I never criticized a teacher in their presence. I have gone and talked to a teacher, if I was puzzled about some small happenstance, but I have never yet, never even once, found that my child had been wronged, or discriminated against in any way. "Nothing should be said or done to weaken the children's respect for the one upon whom their well­being in so great degree depends."-Ibid p. 326.

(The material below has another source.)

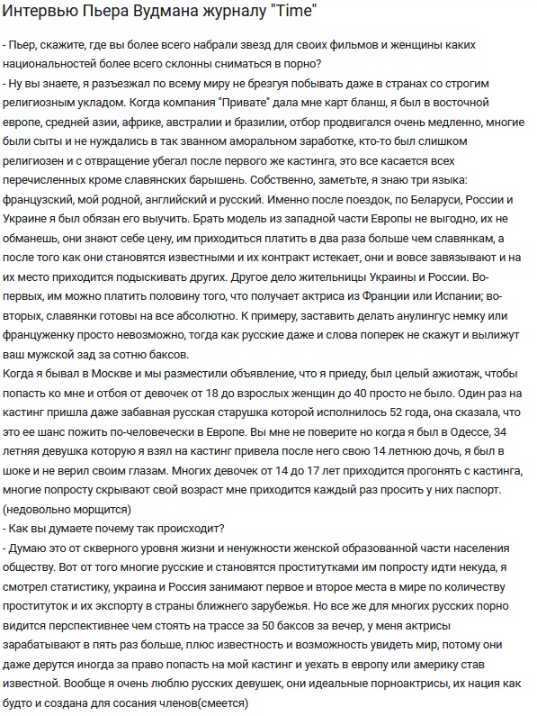 Вы спрашиваете: «На кого работает Вудман (Пьер Вудман, порно) и какие бизнес-интересы представляет?»

"The neglect of parents to train their children makes the work of the teacher doubly hard. The children bear the stamp of the unruly, unamiable traits revealed by their parents. Neglected at home, they regard the discipline of the school as oppres­sive and severe. . . . The good that children might receive in school to counteract their defective home training is undermined by the sympathy which their parents show for them in their wrongdoing. . . . Fathers and mothers professing the truth for this time might better come to their senses and no longer . . . carry out Satan's devices by accepting the false testimony of their unconverted children. It is enough for teachers to have the children's influ­ence to contend with, without having the parents' influence also."-Ibid, pp. 326, 327.

Some parents who read this will say that their case is different, that these statements from the inspired pen are not applicable in their case; but they are applicable wherever there are children and church schools and parents. There are in every center unwise people who believe strongly that their children are always in the right. They are due for a rude awakening, if they do not see their error, for the stakes are great. Their children's eternal welfare is at stake. They hold their children's destinies, to a great degree, in their hands. They need not make mistakes, for the Lord has given us a blue­print and careful directions which, if we heed them, will mean life eternal for us and for our children.